Sonja Álvarez Alter – Chefredakteurin des Geschäftsbereichs Sonja lvarez Sobreviela. Digitale Kultur, neue Unternehmen und die vernetzte Welt sind die Themen ihres Schreibens. Sie ging auf die Deutsche Journalistenschule in München und sammelte dort ihre redaktionellen Fähigkeiten. Zuvor studierte sie Politik, Wirtschaft und Europarecht an den Universitäten Göttingen und Genf.
verschiebt den Fokus vom Tagesspiegel
Sonja lvarez Sobreviela, ehemalige Autorin des Tagesspiegels, wechselt zum 1. August 2020 als nächste stellvertretende Büroleiterin in Berlin zur WirtschaftsWoche. Wenn es um Digitaltechnik und KI-Recht geht, ist sie eine Autorität. Als Chefredakteurin der Tageszeitung „Tagesspiegel Background Mobility & Transport“ verfügt sie über umfangreiche Erfahrung in der Medienbranche. Das von ihr mit aufgebaute Tagesspiegel Background Digitalization & AI Briefing ist dank ihres Einsatzes nun öffentlich zugänglich.
Zuvor war sie Redakteurin im Wirtschaftsteil des Tagesspiegels. Für ihre Berichterstattung über Carsten Maschmeyers Imagepflege wurde sie mit dem „Deutschen Reporterpreis“ im Bereich „Ermittlung“ ausgezeichnet. „Ich freue mich darauf, die exklusive Berichterstattung der WirtschaftsWoche aus der Hauptstadt weiter voranzutreiben“, sagt Sonja lvarez über ihre neue Aufgabe.Sie löst in ihrer neuen Funktion Max Haerder ab, der gerade zum Leiter des WiWo-Ressorts Politik ernannt wurde.
Die DvH Medien-Holding ist ein Medienkonzern mit Sitz in Stuttgart, dem sowohl die Tagesspiegel-Gruppe als auch die Handelsblatt-Mediengruppe die die WirtschaftsWoche herausgibt gehören.
Der Stress wird ständig auf neue Weise gelindert.
Sonja lvarez ist stellvertretende Leiterin des Berliner Büros der WirtschaftsWoche.
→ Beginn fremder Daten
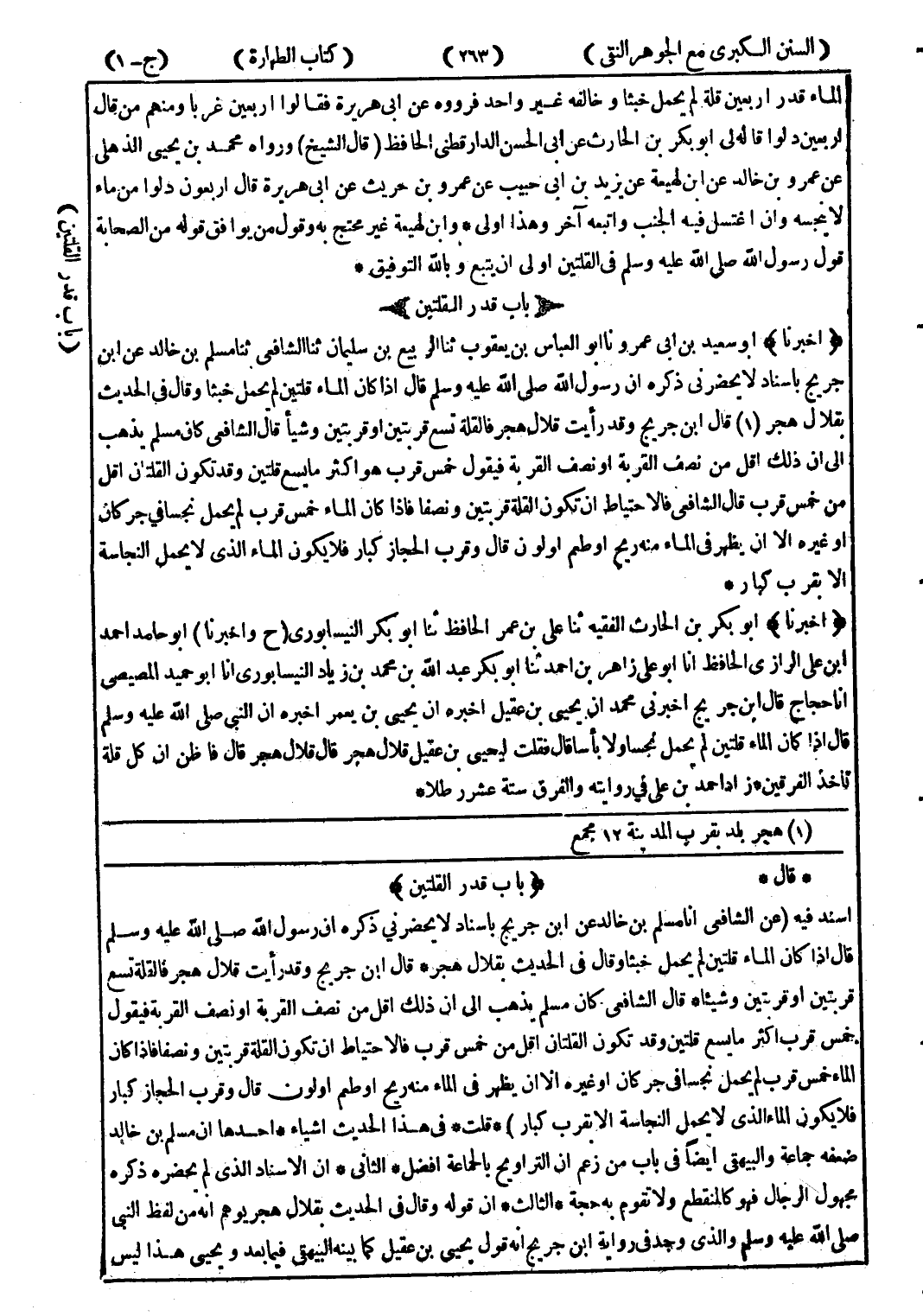 * قال * (باب قدر القلتين) اسند فيه (عن الشافعي انا مسلم بن خالد عن ابن جريج باسناد لا يحضرني ذكره ان رسول الله صلى الله عليه وسلم قال إذا كان قلتين لم يحمل حبثا وقال في الحديث بقلال هجر * قال ابن جريج وقد رأيت قلال هجر فالقلة تسع قربتين أو قربتين وشيئا * قال الشافعي كان مسلم يذهب إلى ان ذلك اقل من نصف القربة أو نصف القربة فيقول خمس قرب اكثر ما يسمع قلتين وقد تكون القلتانى اقل من خمس قرب فالاحتياط ان تكون القلة قربتين ونصفا فإذا كان الماء خمس قرب لم يحمل نجسا في جركان أو غيره الا ان يظهر في الماء منه ريح أو طعم أو لون قال وقرب الحجاز كبار فلا يكون الماء الذى لا يحمل النجاسة الا يقرب كبار) * قلت * في هذا الحديث اشياء * احدها ان مسلم بن خالد ضعفه جماعة والبيهقي ايضا في باب من زعم ان التراويح بالحماعة افضل * الثاني * ان الاسناد الذى لم يحضره ذكره مجهول الرجال فهو كالمنقطع ولا تقوم به حجة * الثالث * ان قوله وقال في الحديث بقلال هجر يوهم انه من لفظ النبي صلى الله عليه وسلم والذى وجد في رواية ابن جريج انه قول يحيى بن عقيل كما بينه البيهقى فيما بعد ويحيى هذا ليس

Nach dem Studium der Politikwissenschaften, Volkswirtschaftslehre und des Europarechts in Göttingen und Genf besuchte sie die Deutsche Journalistenschule in München. Bis zu ihrem Wechsel zur WirtschaftsWoche im August 2020 betreute sie die Executive Briefings des „Tagesspiegel“ zum Thema Digitale Transformation und Verkehr. Davor war sie Redakteurin im Wirtschaftsteil des Unternehmens.
Sobreviela
Die deutsche Tageszeitung „Der Tagesspiegel“ beschäftigt die Berliner Technik-, Wirtschafts- und Unternehmerjournalistin Sonja lvarez Sobreviela. Sonja erhielt ein Stipendium der Stiftung der Deutschen Wirtschaft, um ihre Ausbildung in Politikwissenschaft, Volkswirtschaftslehre und Medienwissenschaft an den Universitäten Göttingen und Genf fortzusetzen.Ihrer Leidenschaft fürs Schreiben ging sie nach, indem sie sich an der Deutschen Journalistenschule in München einschrieb.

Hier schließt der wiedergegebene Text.